May 10, 2021 - Sports

What the Kentucky Derby doping scandal means for horse racing

illustration of a trophy with a bunch of steroid needles

Illustration: Eniola Odetunde/Axios

Medina Spirit, the 2021 Kentucky Derby winner, failed a drug test after the race, putting his victory — and horse racing's integrity — in jeopardy.

Why it matters: Medina Spirit is Hall of Fame trainer Bob Baffert's fifth horse known to have failed a drug test in just over a year.

Details: The drug found in the horse's system was betamethasone, a steroid used to reduce pain and swelling. These kind of drugs can mask injuries, often leading to injuries or death.

What they're saying: Churchill Downs on Sunday suspended Baffert, who insisted that Medina Spirit had not been treated with the drug.
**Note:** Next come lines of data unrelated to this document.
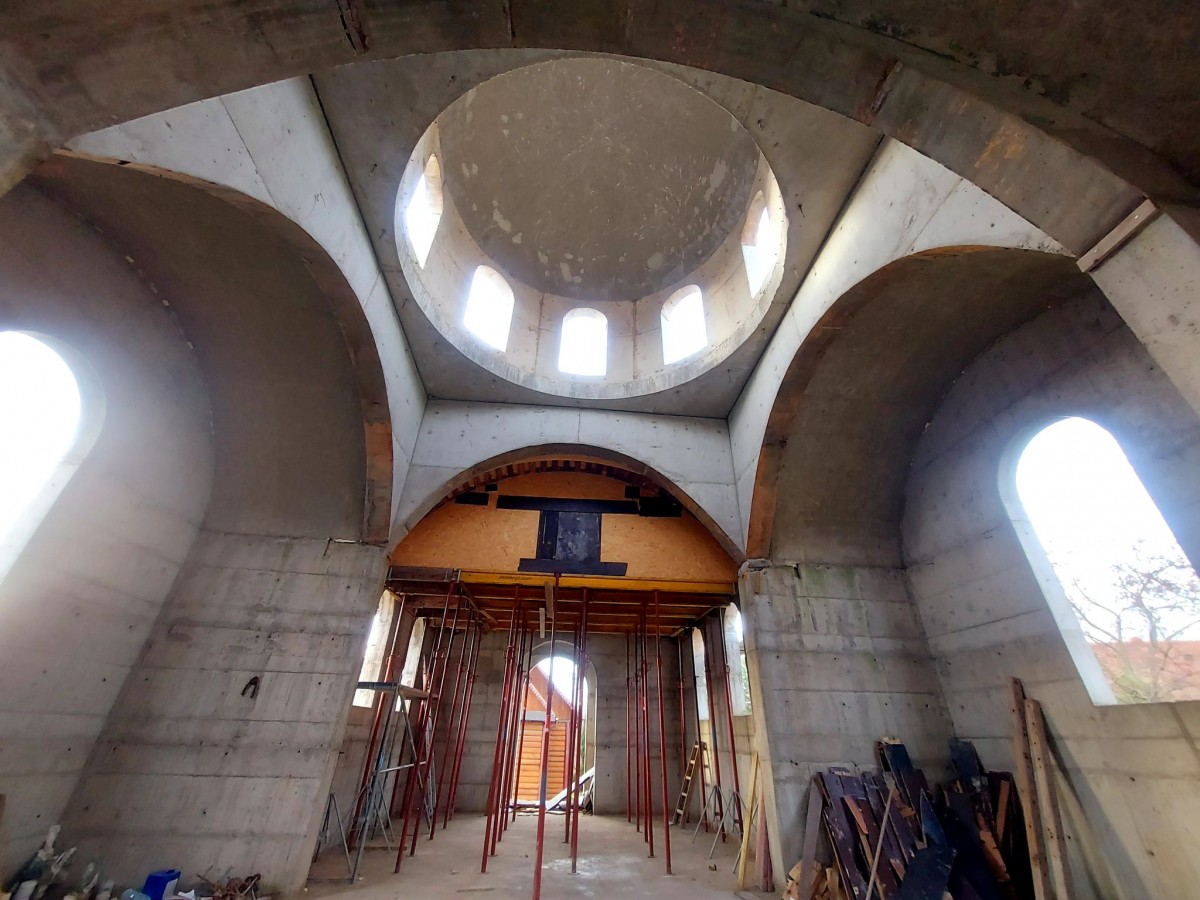 Przewidziane prace na wiosnę tego roku to: nakrycie kopuły blachą i zwieńczenie jej krzyżem, montaż stolarki okiennej w bębnie kopuły, ocieplenie styropianem i otynkowanie bębna kopuły oraz pendentywów ją podtrzymujących. Późniejszym etapem będzie odeskowanie i ocieplenie wełną budowlaną wszystkich sklepień i pokrycie ich blachą ocynkowaną.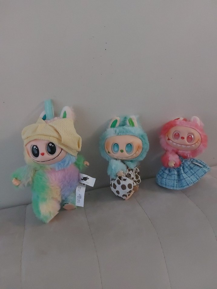 adet fiyatıdır. ilan açtırınız.Pastel renklerde, yumuşak kumaştan yapılmış, sevimli yüzlü ve çeşitli kıyafetlere sahip peluş oyuncaklar. başları dönüyor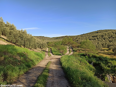 Esta senda amplía su anchura hasta convertirse en una pista que discurre también entre olivos y en ocasiones rodeados por una tupida vegetación de arbustos que

  • "I don't feel embarrassed, I feel like I was wronged," said Baffert. "These are pretty serious accusations here, but we're going to get to the bottom of it and find out. We know we didn't do it.”
  • He said he plans to run Medina Spirit at Saturday's Preakness Stakes in Baltimore, the second leg of the Triple Crown.
  • Preakness officials said they'll make a decision about the horse's eligibility after reviewing the facts.
A photo of bob baffert raising his arms at a trophy presentation.
Bob Baffert after winning the 2021 Kentucky Derby. Photo: Andy Lyons/Getty Images

The state of play: Medina Spirit can't be disqualified until a second sample, collected at the same time as the first, confirms the result. Those results are expected soon, per NYT.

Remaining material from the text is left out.